Massa mendesak pihak FIFGROUP memberikan klarifikasi serta menghadirkan pegawai yang dipersoalkan untuk menjelaskan langsung persoalan tersebut.
Massa juga meminta perusahaan menjalankan mekanisme penagihan dan pelayanan konsumen sesuai ketentuan yang berlaku, termasuk POJK Nomor 22/POJK.07/2023 dan Undang-Undang Nomor 8 Tahun 1999 tentang Perlindungan Konsumen.

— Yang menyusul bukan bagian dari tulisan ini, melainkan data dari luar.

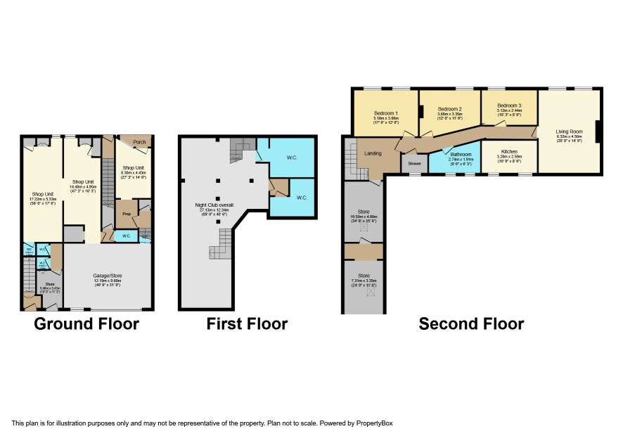 Main Shop 27'3 x 14'6 Prep Room 19' x 10'3 Store 5' x 4' Stirs up to 2 WC's

Sekitar pukul 14.40 WIB, Kepala Cabang FIFGROUP Pekanbaru Jhon Gultom didampingi Supervisor Frenky menemui massa dan membuka ruang dialog.
Namun, pembahasan sempat memanas karena kedua pihak berbeda pandangan mengenai pihak yang harus dihadirkan dalam proses klarifikasi.
Situasi kemudian diarahkan ke meja mediasi. Sekitar pukul 16.20 WIB, mediasi digelar di Kantor FIFGROUP Pekanbaru dengan menghadirkan pihak perusahaan, Santoni Sinambela, enam perwakilan massa GEMAPERA serta konsumen bernama Ujang.
Mediasi dipimpin Kapolsek Payung Sekaki AKP Rafidin L. Gaol, S.H., M.M., didampingi Kanit Ekonomi Polresta Pekanbaru Ipda Syafriwandi dan Ps Kanit Intelkam Polsek Payung Sekaki Aiptu Wedi Andeka.
Dalam mediasi, masing-masing pihak menyampaikan klarifikasi. Konsumen mengakui adanya persoalan terkait kendaraan yang masih berstatus kredit namun telah dipindahtangankan kepada pihak lain.
Sementara Santoni memberikan penjelasan mengenai komunikasi melalui telepon yang sebelumnya dipersoalkan massa.
Santoni kemudian menyampaikan permohonan maaf kepada konsumen atas ucapan atau penyampaian melalui telepon yang dinilai kurang berkenan.
Setelah seluruh pihak menyampaikan klarifikasi, kedua belah pihak sepakat menyelesaikan persoalan secara baik-baik dan tidak memperpanjang permasalahan.
Dengan tercapainya kesepakatan tersebut, tuntutan massa terkait persoalan itu dinyatakan telah memperoleh penyelesaian melalui mediasi. Massa GEMAPERA kemudian membubarkan diri sekitar pukul 17.00 WIB dengan tertib.
Kapolsek Payung Sekaki AKP Rafidin L. Gaol mengatakan pengamanan dilakukan untuk memastikan penyampaian pendapat berlangsung aman sekaligus memberikan ruang bagi kedua pihak menyelesaikan persoalan secara dialogis.
"Kami mengedepankan pengamanan yang humanis dan persuasif. Penyampaian pendapat merupakan bagian dari hak masyarakat, tetapi harus tetap dilakukan secara tertib dan sesuai ketentuan. Ketika muncul persoalan, kami dorong agar diselesaikan melalui komunikasi dan mediasi sehingga tidak berkembang menjadi konflik," ujar Rafidin.
Ia menegaskan, seluruh rangkaian aksi hingga mediasi berlangsung aman, tertib dan kondusif. Sebanyak 29 personel gabungan Polsek jajaran Polresta Pekanbaru diterjunkan untuk melakukan pengamanan.
"Alhamdulillah, seluruh rangkaian kegiatan dapat berjalan aman dan terkendali. Yang paling penting, kedua pihak akhirnya dapat bertemu, memberikan klarifikasi dan mencapai kesepakatan secara baik-baik," katanya.